Когда на ее глазах умер трагической смертью жених, за минуту до того смеявшийся и смешивший ее веселыми шутками, она этого сразу даже понять не могла от ужаса. Но когда поняла, что это – смерть, что ее жизнерадостный, милый Володя больше не существует, а кругом по-прежнему ходят люди, сияет солнце и равнодушно смотрит на землю голубое небо, она впала в безумное отчаяние. Полудетская привязанность ее к Володе, с которым они в детстве еще вместе играли, приняла теперь характер поклонения его памяти, тогда как всё и все остальные сделались для нее ужасны.
Будь в это время у нее мать или даже разумный, любящий друг, они бы, вероятно, сумели вывести ее из этого опасного состояния, пробудить в ней желание жить дальше если не для личного счастья, то хоть для других. Но кругом были невежественные, тупые женщины, умевшие только охать, причитать и заказывать панихиды по новопреставленном рабе Божьем Владимире.
Евлалия замкнулась в себе.
В безумии своего отчаяния она решила никогда больше никого не видеть и ни с кем не говорить. Сначала сестра и бабушка пробовали войти к ней и нарушить ее запрет, но она не впустила никого, кроме вынянчившей ее Антипьевны, и заявила, что больше никто ее не увидит.
Мало-помалу, видя, что проходят месяцы, а Евлалия не изменяет своего обета, женщины начали проникаться суеверным благоговением к этому "подвигу" и перестали протестовать... А тем временем одиночество стало для Евлалии привычным и необходимым; она втянулась в него, как-то замерла вся в своем бездействии. Дни, недели, годы тянулись для нее незаметно в мрачных комнатах, всегда закрытых от солнца; извне не проникал к ней шум жизни, и не было никакого толчка, чтобы вывести ее из этого оцепенения на свежий воздух, на солнечный свет.
Портреты Володи, его письма, некоторые книги, которые они читали вместе, составляли все ее общество. С няней она почти не разговаривала и никогда не спрашивала ее о домашних, как будто их не существовало.

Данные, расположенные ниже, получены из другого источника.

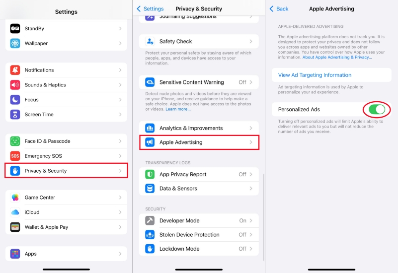 Paso 1.AbiertoConfiguración > Privacidad y seguridad > Publicidad de Apple.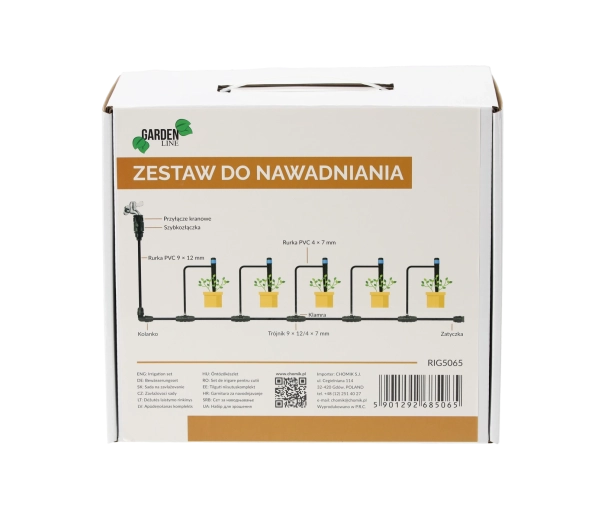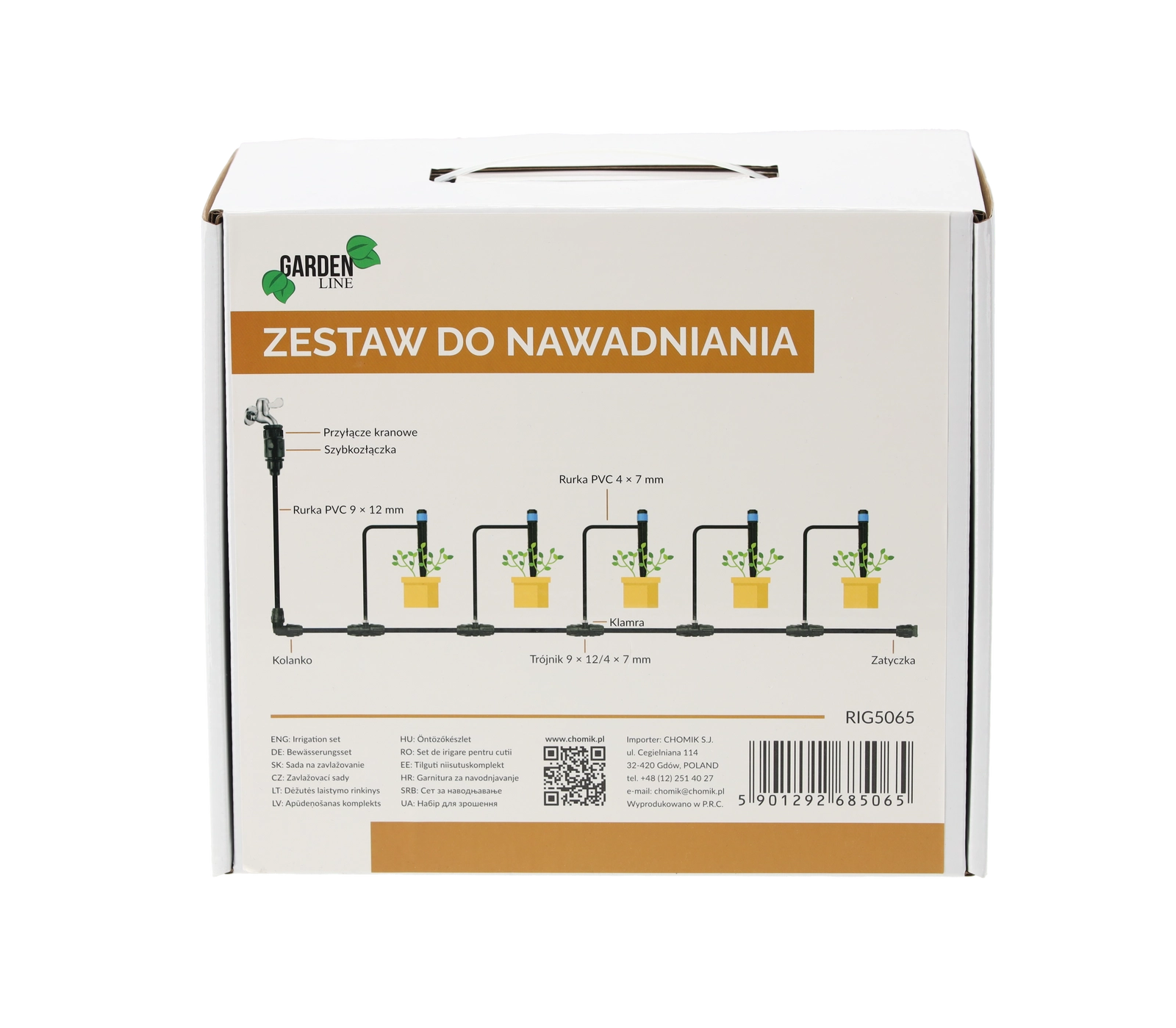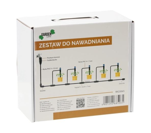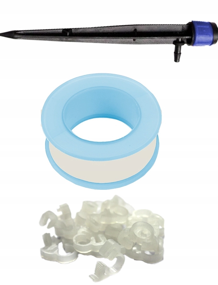 I pakken finder du slanger 9×12 mm og 3×5 mm, koblinger, T-stykker, en albue, endestykker, lynkobling, hanetilslutning, 15 dryppere og 15 clips til nem fastgørelse af ledninger. PTFE-tape hjælper med at tætne gevindsamlinger perfekt og forhindre lækager.

В первое время старая Антипьевна, расчесывая темные длинные косы своей "выхоженушки", пробовала уговаривать ее, что не годится так убиваться, что горе от Бога дадено и надо его покорно терпеть. Но Евлалия выслушала ее до конца, потом своим тихим голосом, из которого как-то исчезли все ясные и радостные звуки и который звенел как надорванная струна, сказала ей спокойно:
– Няня, если ты хочешь, чтобы я тебе позволила со мной остаться, ты со мной никогда не разговаривай.
И так это сказала, что старуха побелела и заплакала... Но оставить ее совсем одну не решилась и покорилась воле своей барышни.
Так они жили рядом, почти не обмениваясь словами, и казалось, само время застыло и замерло в этих странных, точно нежилых комнатах.
VIII
Как-то Евлалия по обыкновению лежала у себя в спальне; она отвыкла двигаться и почти всегда лежала, чувствуя разбитость, слабость во всем теле.
В соседнюю комнату няня оставила дверь открытой: она отворила там окно и хотела, чтобы свежий воздух проник и в комнату Евлалии. Сама она вышла зачем-то, и в комнатах было совсем тихо.
Сквозь приотворенную дверь чуть долетал ветерок – теплый весенний ветерок, и робко пробивался луч солнца; в спальне же было совсем темно.
Евлалия лежала на кушетке неподвижно, со скрещенными на груди руками, едва отличавшимися цветом от белой блузы, так что ее можно было принять за мертвую, и прислушивалась к своим постоянным гнетущим мыслям, которые она все эти годы носила в себе.
Вдруг в полной тишине послышался посторонний звук, точно что-то упало в соседней комнате и мягко стукнулось о пол. Евлалия вздрогнула от неожиданности и испуга: это было так необычно, что она поднялась с места и открыла дверь в соседнюю комнату. Долго думать над тем, что это было, ей не пришлось – прямо перед нею на полу лежал букет цветов.
Она невольно наклонилась и подняла его с пола. Это были темные фиалки, еще влажные, чуть слышно пахнущие, перевязанные вместе с молодым папоротником и пучком белых звездочек – тоненьких, как кружево, полевых цветочков. Когда-то фиалки сеяли и сажали в рябининском саду, теперь этого не делали, но они сами разрослись, и каждую весну пробивались из земли их пахучие темно-лиловые кустики. Вид цветов пробудил в Евлалии что-то странное: она прижала к лицу их свежие лепестки, и тонкий, нежный запах показался ей таким сильным, что у нее на минуту как будто голова закружилась и забилось сердце.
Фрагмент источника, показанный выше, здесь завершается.